I'm a beginner in Machine Learning.
I've been learning about YOLO and DarkFlow from the following links with Ubuntu 20.04: darkflow and Tiny YOLO.
I successfully executed the code, and got the results like this:
Statistics:
car: 436
person: 73
Dataset size: 2599
Dataset of 2599 instance(s)
Training statistics:
Learning rate : 1e-05
Batch size : 16
Epoch number : 1000
Backup every : 2000
It's not bad, but the training's taking way too much time.
But I wanna know if there is any powerful IDE or other tools that can help me reduce time.
I searched in google and tried to find many ways to improve.
I heard that there are many ways to make training faster,(including Azure AI ML service) but since I'm a beginner, I cannot decide which will be the perfect choice to run YOLO and DarkFlow.
I would appreciate advices about robust development environments, especially the ones that would be suitable in my current specific condition.
Thanks in advance!
++) Since I'm a mere sophomore, the level of the hardware that I can use is very limited.
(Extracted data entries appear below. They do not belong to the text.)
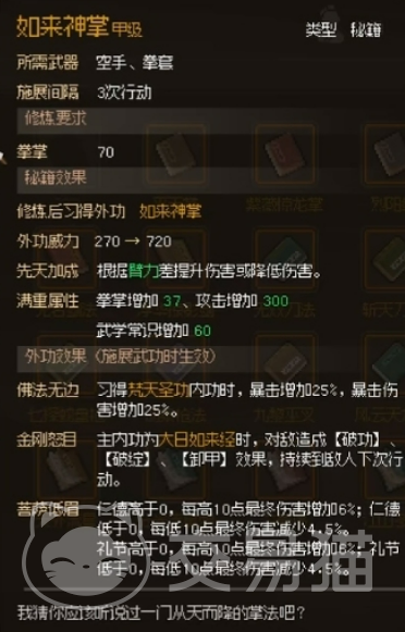 当你的佛法感悟达到一定高度后,便可前往寺内的四块石碑雕刻前参悟。每块石碑都蕴含着深邃的佛法与掌法技巧,唯有真正参透者才能获得提升。在参悟四块石碑后,玩家将会触发系列挑战,进行四场严苛的战斗。只有在这些战斗中胜出,并且拳掌技能达到50以上,方能最终获得“如来神掌”这一绝世武学。
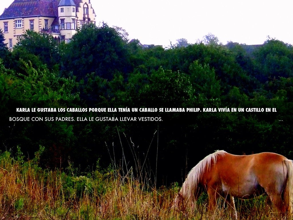 KARLA LE GUSTABA LOS CABALLOS PORQUE ELLA TENÍA UN CABALLO SE LLAMABA PHILIP. KARLA VIVÍA EN UN CASTILLO EN EL
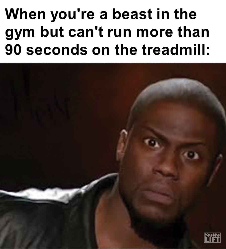 Image, MemesWhen you’re a beast in the gym but can’t run more than 90 seconds on the treadmill When someone tells you they enjoy cardio When the biggest guy in the gym calls you big man
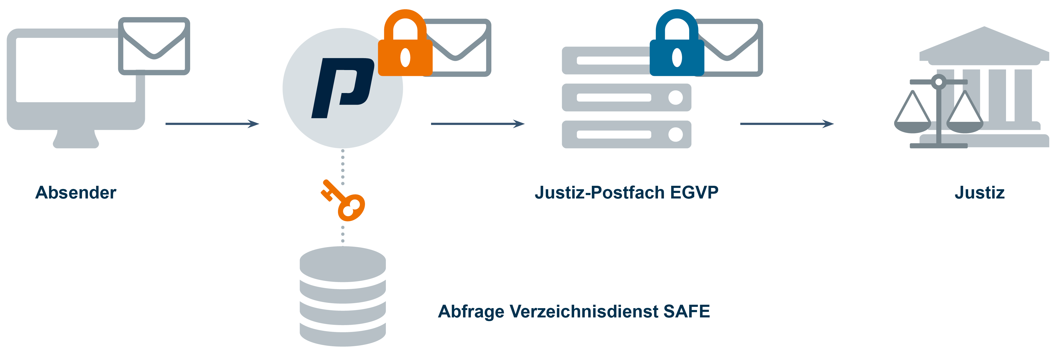 Zum Versand einer beBPo Nachricht müssen die Informationen zunächst mit dem öffentlichen Schlüssel des Gerichts verschlüsselt und anschließend an einen Intermediär verschickt werden. Der Intermediär leitet den ungeöffneten Umschlag der beBPo Nachricht an das Gericht weiter, welches die beBPo Nachricht schließlich mit dem eigenen privaten Schlüssel öffnet.
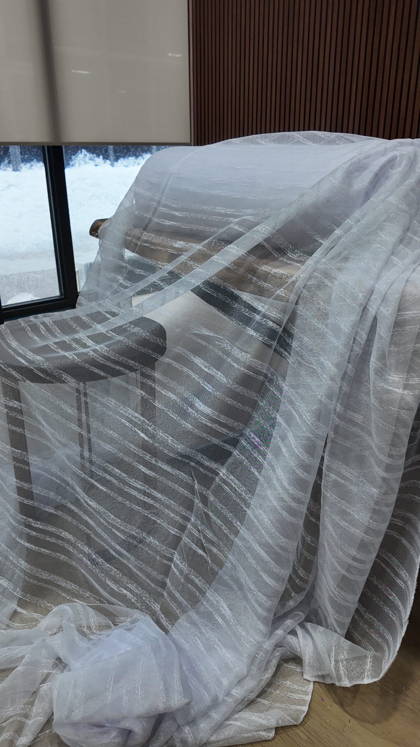 Tesatura de tip plasa permite luminii naturale sa intre in interior, pentru un efect stralucitor si incantator. Perdeaua va da senzatia unei incaperi mai inalte, daca se opteaza oentru o lungime pana la nivelul podelei.
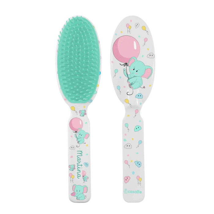 Щетка имеет идеальный размер и вес, чтобы вам было удобно пользоваться ею, а также когда он подрастет и сможет взять его в руки, не причинив себе вреда, потому что мы знаем, что он точно будет с ней играть. Мы создали текстуру и твердость шипов в соответствии с возрастом, в данном случае с 9 месяцев. Они сохраняют идеальный баланс, чтобы сделать его мягким на ощупь, щеткой можно аккуратно вычесать и очистить от молочной корочки (capacete), т.к щетинки в расчески не травмируют кожу головы и очень мягкие на ощупь.
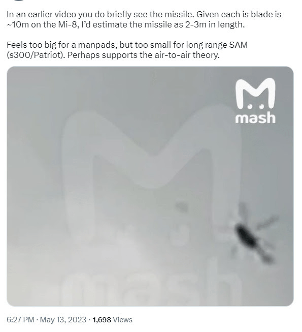 Les missiles S-300 et BUK mesurent plus de 7 mètres de long. Cela signifie que si les pales du rotor de l’hélicoptère mesurent 10 m sur la photo ci-dessus, le missile devrait apparaître presque aussi long que les pales. Pourtant, le petit blip semble 1/3 de la taille, ce qui, pour moi, indiquerait en fait un Aim-120 de la plate-forme NASAMs/SLAMRAAM. Il est certainement trop grand pour Manpad, qui serait presque invisible à la caméra car ils sont très petits.
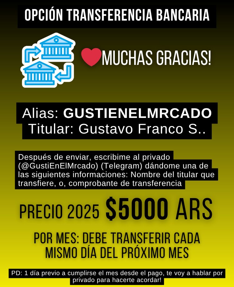 "LIVE 17/10 22:30 "Aftermarket Show" ESPECIAL DE ESTRATEGIAS PRE-ELECTORALES PARA LA COMITENTE Aftermarket Show El microinformativo econmico-burstil y de anlisis tcnico de mercado que NADIE pidi. ----------------------------------------------------------------- Grupo Telegram Gratis: https://t.me/TradingATP 💸 COLABOR CON MI LABURO (el monto es simblico) Y UNITE AL GRUPO PRIVADO CON CUALQUIERA DE ESTAS [--] OPCIONES: 🔹 Opcin Mercado Pago: https://www.mercadopago.com.ar/subscriptions/checkoutpreapproval_plan_id=177fb5339e314d109f5fef9c91683e47 🔹 Opcin Transferencia: https://iili.io/KXozdnp.png"
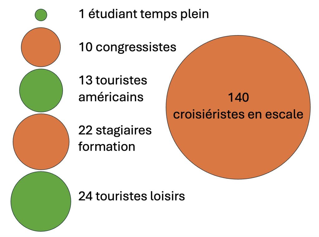 L’étudiant·e générera 5,1 TCo2, les congressistes 8,6 – les américains 17,5 – les stagiaires formation 5,7 – les touristes loisirs 7,3 et les croisiéristes en escale 18,9

I would also appreciate tools that can help me overcome the limitations of my hardware!
The IDE usually won't decrease computing time, but is rather based around the compiler. Likely, you'll just have to deal with intensive training times if you can't get better hardware. However, you might look into using a gpu to do computations(if you have one) rather than the standard way it runs on the cpu. Here's a link as to how to achieve this in Tensorflow: https://stackoverflow.com/a/51307381/14392018 . The general rule is the more data and the more complex the ML/DL model(i.e. the more layers in a neural network), the longer it takes to compute 1 epoch on the dataset. Also, the more data you're working with, the higher the computational intensity.